I would expect that there's some sort of library that I can use in this fashion:

int* buffer[720*480]; // read in from file/memory/network stream
raw_params params;
params.depth = 16;
params.width = 720;
params.height = 480;
params.map = "rgb";
params.interleave = JPEG_RAW_INTERLEAVE_OFF;

jpeg_encode(buffer, params)

But I can't seem to find it.

Clarification

I'm looking for a simple example of how to use such a library as well. Code as robust as the source of netpbm and magick are too complex for my level of understanding.

+1  A: 

Yes, there is a library for this (luckily!): http://freshmeat.net/projects/libjpeg/ equal (?) to http://sourceforge.net/projects/libjpeg/

Daevius
CoolAJ86
You did look at it perhaps, but you didn't mention you did. Neither did you specify you level of understanding. And neither did you ask for a manual past the 60's. If you are not clear in your questions, how can the answers be to your liking?Some quick googling gives me: http://andrewewhite.net/wordpress/2008/09/02/very-simple-jpeg-writer-in-c-cExample: http://www.codeguru.com/forum/showthread.php?t=467833But most useful of all: http://stackoverflow.com/questions/637043/using-jpeglib-for-jpeg-compressed-byte-stream
Daevius
The copy at sourceforge is out of date. See www.ijg.org for the latest and greatest. That said, libjpeg is the only sensible approach unless you have an unbounded budget and need hard real-time performance at better than standard video rates.
RBerteig
Sorry for the initial frustrated response. I'd been googling for a while to find a simple answer. Most of what I found are like the link that you mention in your comment - which is the OPPOSITE of what I want, and not very easy to understand.
CoolAJ86
+2  A: 

The libjpeg library from the Independent JPEG Group is the reference implementation of the JPEG standard, written by folks who were and are involved in the creation of the standard. It is robust, stable, and highly portable.
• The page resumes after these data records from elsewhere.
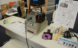 テイクティは、ポータブルトゥイーター「TAKET-BPP」の試聴デモを実施。二股のコネクタとセットになっており、ポータブルプレーヤーに装着したコネクタに本機とヘッドホンを接続して使用する。ヘッドホン「H2+」も展示していた。
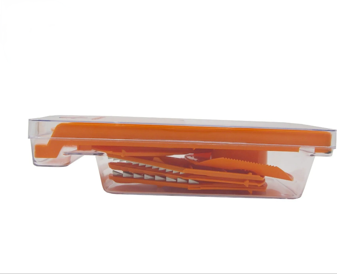 رنده اسلایس برونر دارای 10 نوع تیغه مختلف است که هر کدام برای کار خاصی مناسب هستند. تیغهها شامل تیغه خلال ریز، خلال درشت، ورق نازک چیپسی ، ورق ضخیم، نگینی ریز و نگینی درشت هستند. بنابراین با استفاده از این رنده می توانید تمامی نیازهای خود را درباره رندهکردن مواد غذایی برآورده کنید.
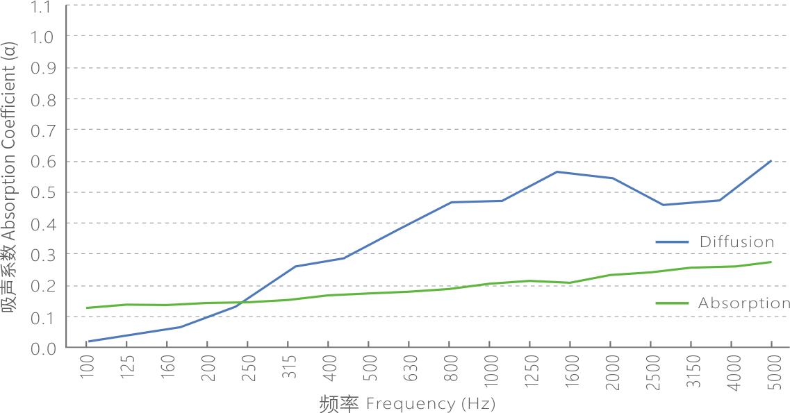 主要特点: 本系列产品扩散效果好,改善混响时间显着。声学特性达到国家同类材料标准,有效提高环境音质饱满度,清晰度及立体感
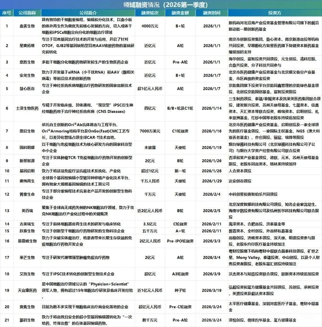 2026 年开年以来,中国细胞基因治疗(CGT)产业延续高景气发展态势,成为生物医药领域最受资本青睐的赛道之一。据企业公开披露及权威报道统计,今年 1-3 月,国内共有 21 家细胞基因治疗企业完成新一轮融资,总金额突破 25 亿元,其中亿元级融资占比近 70%,展现出行业强劲的发展活力。

It comes as a source kit, which includes extensive documentation and samples.

Its preferred representation for a source image is as an array pointers to of arrays of pixels, not as a single monolithic array as you show. You can easily create the array of pointers to rows to address your image buffer, however.

It is highly configurable and extensible. Specifically, it allows both the data source and the destination to be configured through call backs. This adds some complexity to a first use, but it isn't all that hard to deal with.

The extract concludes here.